The Matthew Effect of AI Programming Assistants: A Hidden Bias in Software Evolution
Fei Gu, Zi Liang, Hongzong LI, Jiahao MA
TL;DR
The paper investigates how AI programming assistants influence software ecosystem evolution, revealing a Matthew effect where languages and frameworks with greater popularity receive disproportionately higher AI-assisted coding success. Using a large-scale two-tier benchmark across eight languages and six frameworks, it shows that mainstream ecosystems enjoy significantly higher Pass@1 rates and that gaps widen with problem difficulty. This bias suggests AI tools may reinforce existing dominance, potentially reducing language and framework diversity and slowing innovation. The authors provide reproducible benchmarks and propose future work to counteract ecosystem homogenization through diversity-aware methods and extended evaluation across domains.
Abstract
AI-assisted programming is rapidly reshaping software development, with large language models (LLMs) enabling new paradigms such as vibe coding and agentic coding. While prior works have focused on prompt design and code generation quality, the broader impact of LLM-driven development on the iterative dynamics of software engineering remains underexplored. In this paper, we conduct large-scale experiments on thousands of algorithmic programming tasks and hundreds of framework selection tasks to systematically investigate how AI-assisted programming interacts with the software ecosystem.

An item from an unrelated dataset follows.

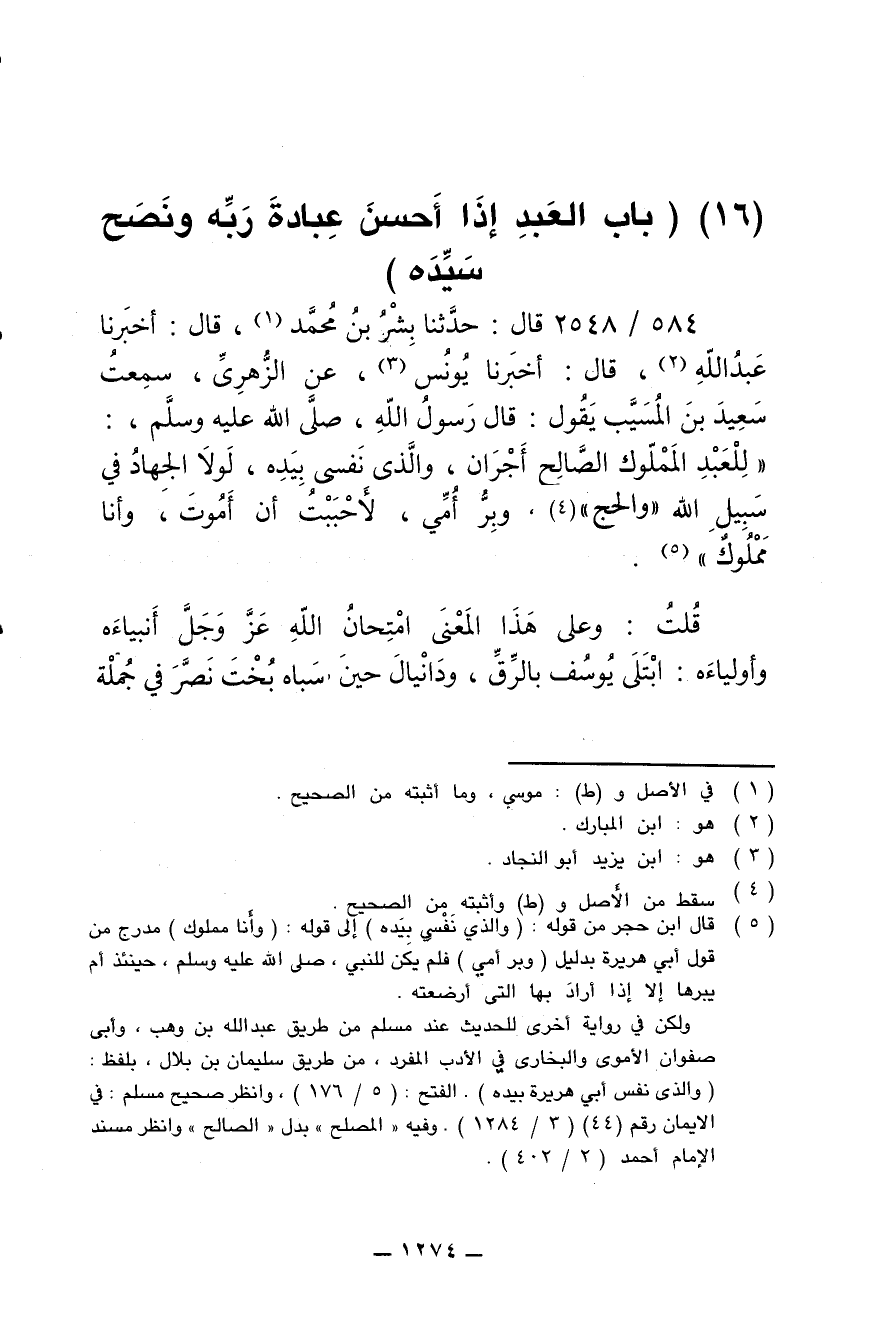 584/ 2548 - قال: حدثنا بشر بن محمد، قال: أخبرنا عبد الله، قال: أخبرنا يونس، عن الزهرى، سمعت سعيد بن المسيب يقول: قال رسول الله، صلى الله عليه وسلم،: (للعبد المملوك الصالح أجران، والذي نفسي بيده، لولا الجهاد في سبيل الله (والحج)، وبر أمي، لأحببت أن أموت، وأنا مملوك).

Our analysis reveals \textbf{a striking Matthew effect: the more popular a programming language or framework, the higher the success rate of LLM-generated code}. The phenomenon suggests that AI systems may reinforce existing popularity hierarchies, accelerating convergence around dominant tools while hindering diversity and innovation. We provide a quantitative characterization of this effect and discuss its implications for the future evolution of programming ecosystems.